If your data warehouse contains a table named foo in schema bar, these properties would result in a staging table name of load_bar.stage_xxx_foo for the staging table. The Tungsten generated column containing the seqno, if present, would be named tungsten_seqno.

Note

Staging tables are by default in the same schema as the table they update. You can put them in a different schema using the stageSchemaPrefix property as shown in the example.

5.6.5.2. Whole Record Staging

Whole record staging loads the entire CSV file into an identical table, then runs queries to apply rows to the base table or tables in the data warehouse. One of the strengths of whole record staging is that it allows you to construct a merge script that can handle any combination of INSERT, UPDATE, or DELETE operations. A weakness is that whole record staging can result in sub-optimal I/O for workloads that consist mostly of INSERT operations.

For example, suppose we have a base table created by the following CREATE TABLE command:

CREATE TABLE `mydata` (
`id` int(11) NOT NULL,
`f_data` float DEFAULT NULL,
PRIMARY KEY (`id`)
) ENGINE=InnoDB DEFAULT CHARSET=utf8;

A whole record staging table would look as follows.

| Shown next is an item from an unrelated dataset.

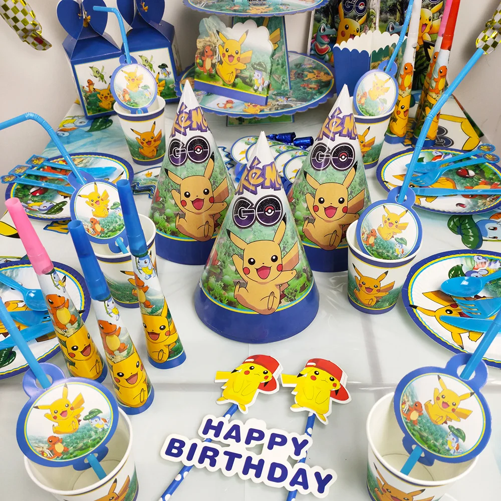 Набор для украшения Pokmon Pikachu Monster, скатерть, ложка, шляпа, фигурки героев аниме, набор для детского дня рождения

CREATE TABLE `stage_xxx_croc_mydata` (
`tungsten_opcode` char(1) DEFAULT NULL,
`tungsten_seqno` int(11) DEFAULT NULL,
`tungsten_row_id` int(11) DEFAULT NULL,
`id` int(11) NOT NULL,
`f_data` float DEFAULT NULL
) ENGINE=InnoDB DEFAULT CHARSET=utf8;

Note that this table does not have a primary key defined. Most data warehouses do not use primary keys and many of them do not even permit it in the create table syntax.

Note also that the non-primary columns must permit nulls. This is required for deletes, which contain only the Tungsten generated columns plus the primary key.

5.6.5.3. Delete Key Staging

Another approach is to load INSERT rows directly into the base data warehouse tables without staging. All you need to stage is the keys for deleted records. This reduces I/O considerably for workloads that have mostly inserts. The downside is that it may require introduce ordering dependencies between DELETE and INSERT operations that require special handling by upstream applications to generate transactions that will load without conflicts.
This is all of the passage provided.